▸ **INSTRUCTIONS TO FOLLOW**: Exactly as written, reproduce the lines from the beginning of the data through the line containing "5 Set Fruit"; the pictures are not reproduced.
==== GIVEN MATERIAL
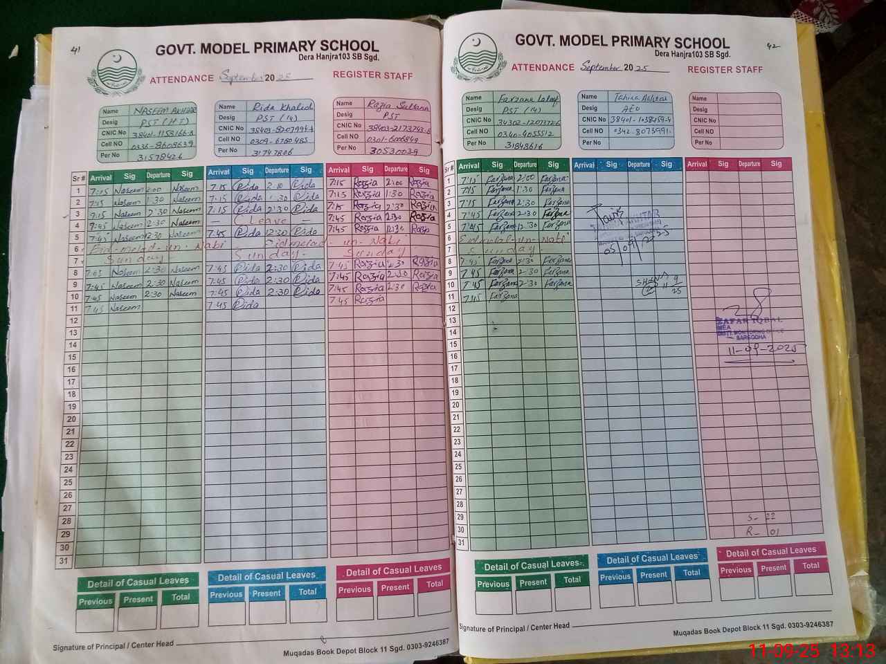 | CNIC | Full Name | Designation | R/C | Absence during last cal. month |
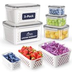 5 Set Fruit Storage Containers for Fridge with Colanders Dishwasher Safe, Lea...
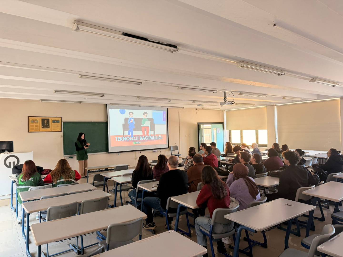 Etkinliğin sunuculuğunu Akran Eğitmeni Damla ÖDEN üstlendi. Program kapsamında teknoloji bağımlılığının bireylerin akademik, sosyal ve psikolojik yaşamları üzerindeki etkileri ele alındı. Katılımcılarla birlikte dijital dünyanın sunduğu fırsatlar ve beraberinde getirdiği riskler değerlendirilirken, sağlıklı teknoloji kullanımı ve dijital dengeyi korumaya yönelik öneriler paylaşıldı.
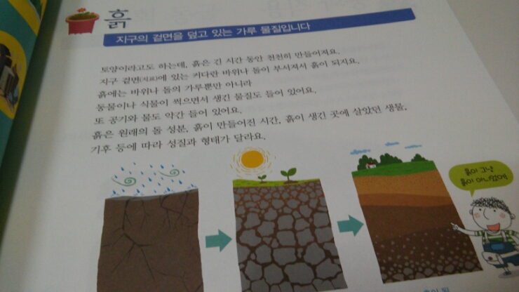 흙은 원래의 돌 성분, 흙이 만들어진 시간. 흙이 생긴 곳에 살았던 생물. 기후 등에 따라 성질과 형태가 달라진다는걸 알수 있게 되네요
========
▸ **RESULT OF THIS EXERCISE**:
 | CNIC | Full Name | Designation | R/C | Absence during last cal. month |
 5 Set Fruit Storage Containers for Fridge with Colanders Dishwasher Safe, Lea...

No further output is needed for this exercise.